§ Entries supplied
•••

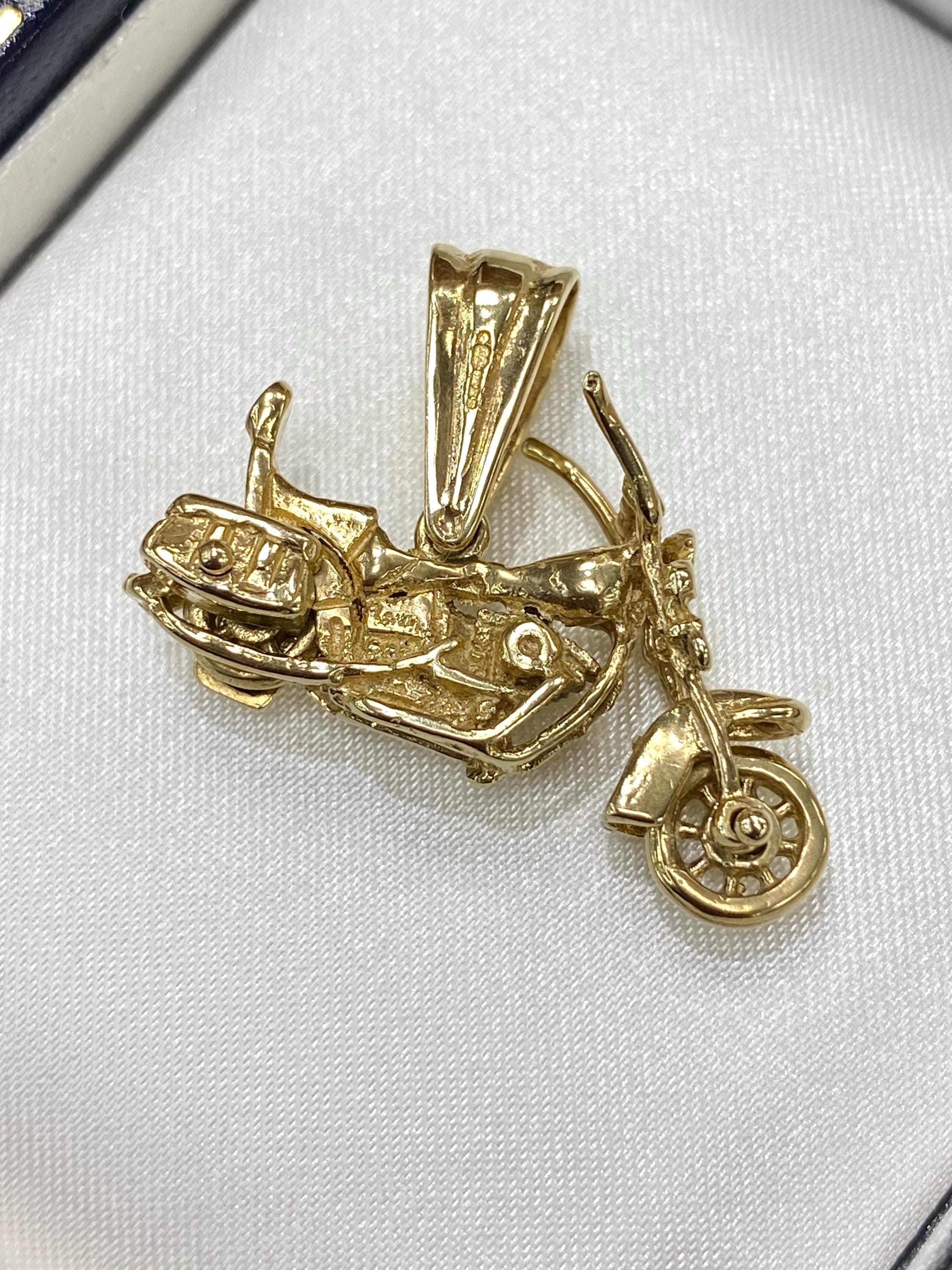 This amazing motorbike pendant is beautifully hand crafted from 9ct yellow gold and includes moveabl...
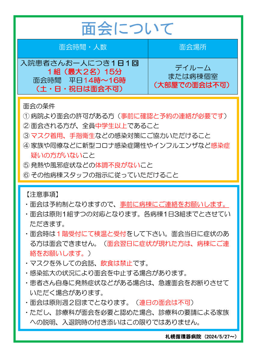 入院に関する手続きや必要な持ち物、面会時間、病室の環境について詳しくご案内いたします。
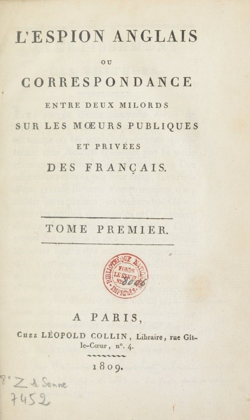 L’Espion anglais. Ou Correspondance entre deux milords sur les moeurs publiques et privées des Français.1809 BT: 5208 Standort: London - British Library Signatur: 12352.f.7.
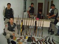 Residência de um dos acusados foram encontradas uma Espingarda de cartucho, calibre 32, com 12 cartuchos deflagrados, um Revolver Inox, calibre .22, 5 espingardas de fabricação caseira do tipo soca-saca, duas carcaças de revolveres calibre .32, dois coldres (bainha) para revolver.
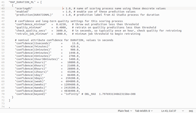 prediction(DURATIONML). If you call your prediction attribute something other thanDURATIONMLyou must rename the corresponding attribute in the vovrtsad.cfg file. The scoring process name is only used for reference. The remaining values are used by the vovrtsad daemon or nc_rtsa wrapper for various things. Use theconfidence_minimumvalue as the threshold that must be met apply a prediction value, such as 0.6250 in this example. Thequality_minimumvalue is used for retraining; in this example it is set to 0.4000. The frequency the daemon checks for potential retraining is set viacheck_quality_secsin terms of seconds, so once an hour in this example. Finally,retrain_job_minimumis used to set a minimum threshold of completed jobs monitored by the vortsad daemon before it will permit model retraining. -
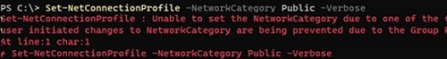 Set-NetConnectionProfile : Unable to set the NetworkCategory due to one of the following possible reasons: not running PowerShell elevated; the NetworkCategory cannot be changed from 'DomainAuthenticated'; user initiated changes to NetworkCategory are being prevented due to the Group Policy setting 'Network List Manager Policies'.

•••

§ What is required
Write out the data above precisely. Pictures stay out.

§ Output of the exercise
 This amazing motorbike pendant is beautifully hand crafted from 9ct yellow gold and includes moveabl...
 入院に関する手続きや必要な持ち物、面会時間、病室の環境について詳しくご案内いたします。
 L’Espion anglais. Ou Correspondance entre deux milords sur les moeurs publiques et privées des Français.1809 BT: 5208 Standort: London - British Library Signatur: 12352.f.7.
 Residência de um dos acusados foram encontradas uma Espingarda de cartucho, calibre 32, com 12 cartuchos deflagrados, um Revolver Inox, calibre .22, 5 espingardas de fabricação caseira do tipo soca-saca, duas carcaças de revolveres calibre .32, dois coldres (bainha) para revolver.
 prediction(DURATIONML). If you call your prediction attribute something other thanDURATIONMLyou must rename the corresponding attribute in the vovrtsad.cfg file. The scoring process name is only used for reference. The remaining values are used by the vovrtsad daemon or nc_rtsa wrapper for various things. Use theconfidence_minimumvalue as the threshold that must be met apply a prediction value, such as 0.6250 in this example. Thequality_minimumvalue is used for retraining; in this example it is set to 0.4000. The frequency the daemon checks for potential retraining is set viacheck_quality_secsin terms of seconds, so once an hour in this example. Finally,retrain_job_minimumis used to set a minimum threshold of completed jobs monitored by the vortsad daemon before it will permit model retraining. -
 Set-NetConnectionProfile : Unable to set the NetworkCategory due to one of the following possible reasons: not running PowerShell elevated; the NetworkCategory cannot be changed from 'DomainAuthenticated'; user initiated changes to NetworkCategory are being prevented due to the Group Policy setting 'Network List Manager Policies'.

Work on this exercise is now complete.